Серафим сидел напротив, в кресле с продавленным сиденьем, его черный пиджак был уже снят, осталась только облегающая футболка, подчеркивающая худощавое, но жилистое тело. Его телефон лежал на коленях, экран периодически загорался – уведомления из Instagram. Он играл с зажигалкой, щелкая крышкой туда-сюда, но взгляд его был прикован к Глебу.
— Ты вообще понимаешь, что с тобой происходит? – Серафим наконец прервал молчание, его голос был тихим, но в нем чувствовалась стальная твердость.
Глеб усмехнулся, но в его глазах не было ни капли веселья.
— Да какая разница? Всё уже... как-то неважно.
— Неважно? – Серафим резко наклонился вперед, его пальцы впились в подлокотники. – Ты два года бежишь. От неё. От себя. От всех. И что? Помогло?
Глеб зажмурился, будто слова были физически болезненными.
— А что я должен был делать? Остаться? Смотреть, как она...
Он не договорил. Горло сжалось.
Серафим вздохнул, откинулся назад, провел рукой по лицу.

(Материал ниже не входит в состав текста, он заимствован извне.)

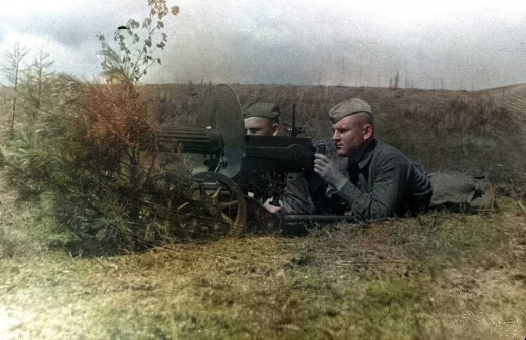 Фото №32 (архив Дорожевца А.Н.). 1942 г. – Пулеметный расчет в засаде у перевала.

— Ты даже не пытался бороться.
— За что бороться? – Глеб резко встал, бутылка грохнулась на пол, но не разбилась, лишь покатилась под кровать. – Она уже давно мертва для меня. И я для неё.
Телефон Серафима снова загорелся.
Ruslana_off: Он там?
Серафим взглянул на сообщение, потом на Глеба, который стоял у окна, сжав кулаки.
Sera: Да. Пьет. Снова.
Ruslana_off: Как он выглядит?
Серафим прикусил губу, сфотографировал Глеба украдкой.
Sera: Как мертвец. Но всё ещё дышит.
Пауза.
Ruslana_off: Он всё ещё ненавидит меня?
Серафим замер, потом медленно написал:
Sera: Он не ненавидит. Он просто не может забыть.
— Знаешь, что самое дерьмовое? – Глеб повернулся, его глаза блестели в полумраке. – Я до сих пор помню, как она пахла. Не духами. Не сигаретами. А просто... собой. Как будто в этом запахе была вся она.
Он сжал виски пальцами, будто пытаясь выдавить воспоминания.
— И я не могу... я не могу избавиться от этого. Ни алкоголь с наркотой, ни музыка, ни эта чёртова поездка... ничего не помогает.
Серафим молчал, но его пальцы сжали телефон так, что экран затрещал.
— Ты хочешь, чтобы она вернулась? – наконец спросил он.
Глеб засмеялся, но это был смех, больше похожий на стон.
— Я хочу, чтобы я мог дышать, не вспоминая её. Но и не против вернуться.
Бутылка опустела.
Глеб лежал на кровати, рука на лбу, глаза закрыты. Серафим стоял у двери, телефон в руке.
Ruslana_off:Скажи ему... что я не вернулась. Пусть думает, что я до сих пор в Красноярске. Жду тебя в Универе.
Он не ответил. Просто выключил свет и закрыл дверь.
В комнате остался только треск гитарной струны, когда Глеб вдруг дёрнул её, и она лопнула с тихим, жалобным звоном.